Poznaj „Przepis na dobry sen”:
- Regularność. Staraj się chodzić spać i wstawać o tych samych porach – także w weekendy. To pomaga ustabilizować rytm dobowy;
- Wyciszenie przed snem. Na 1-2 godziny przed położeniem się do łóżka ogranicz korzystanie z ekranów, nie pracuj i unikaj intensywnych bodźców. Daj sobie czas na wyciszenie;
- Dobre warunki w sypialni. Brak światła, cisza i odpowiednia temperatura (około 18-20°C). ułatwiają zasypianie i poprawiają jakość snu;
- Aktywność fizyczna w ciągu dnia. Ruch wspiera zdrowy sen, ale unikaj intensywnych ćwiczeń tuż przed pójściem spać;
- Lekki posiłek, odpowiedni odstęp. Nie jedz tuż przed snem – najlepiej ostatni posiłek zaplanować na 2-3 godziny przed położeniem się do łóżka;
- Krótka drzemka w ciągu dnia. Jeśli czujesz zmęczenie, drzemka do 30 minut może pomóc, ale dłuższe mogą zaburzyć nocny sen.

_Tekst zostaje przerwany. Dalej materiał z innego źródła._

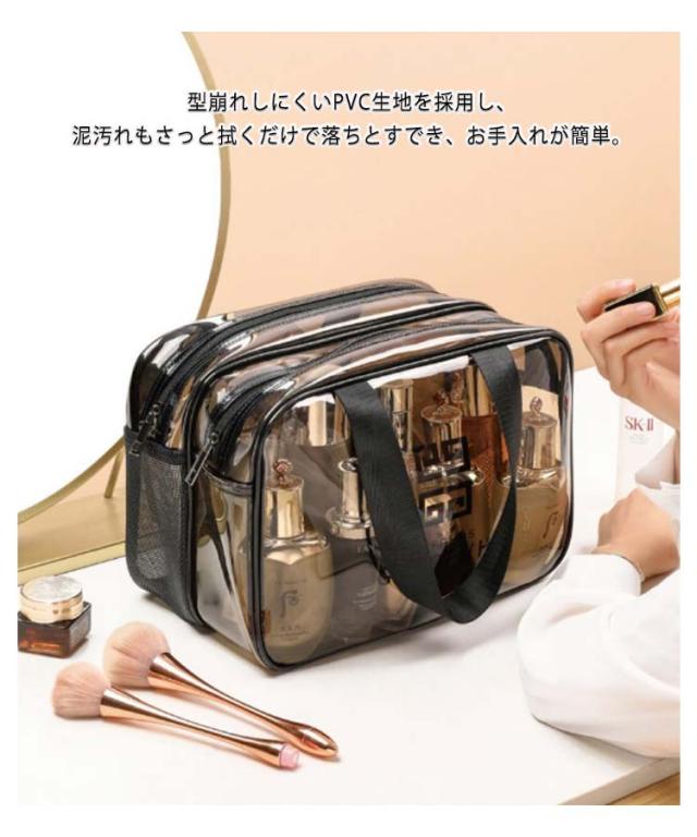 | 化粧品・トイレタリー・小物を一緒に収納できる大容量なメイクポーチです! クリアな外見で中身は簡単に識別し、置き取りも便利、化粧品をちゃんと整理できる。 軽くて耐久性が高い防水素材を採用し、軽量で持ち運び便利です。 お家での普段使い、出勤、出張、旅行先へのバッグインバッグにもピッタリ! 型崩れしにくいPVC生地を採用し、泥汚れもさっと拭くだけで落ちとすでき、お手入れが簡単。 | |

Eksperci kampanii „Przepis na dobre życie” przypominają, iż w profilaktyce chorób sercowo-naczyniowych, sen powinien być traktowany tak samo poważnie jak dieta, aktywność fizyczna, farmakoterapia i zdrowie psychiczne.
– Dbajmy o sen jak o najcenniejszy lek na stres i choroby. Twoje serce bije bez przerwy, więc daj mu szansę odpocząć i się zregenerować – zaznaczają.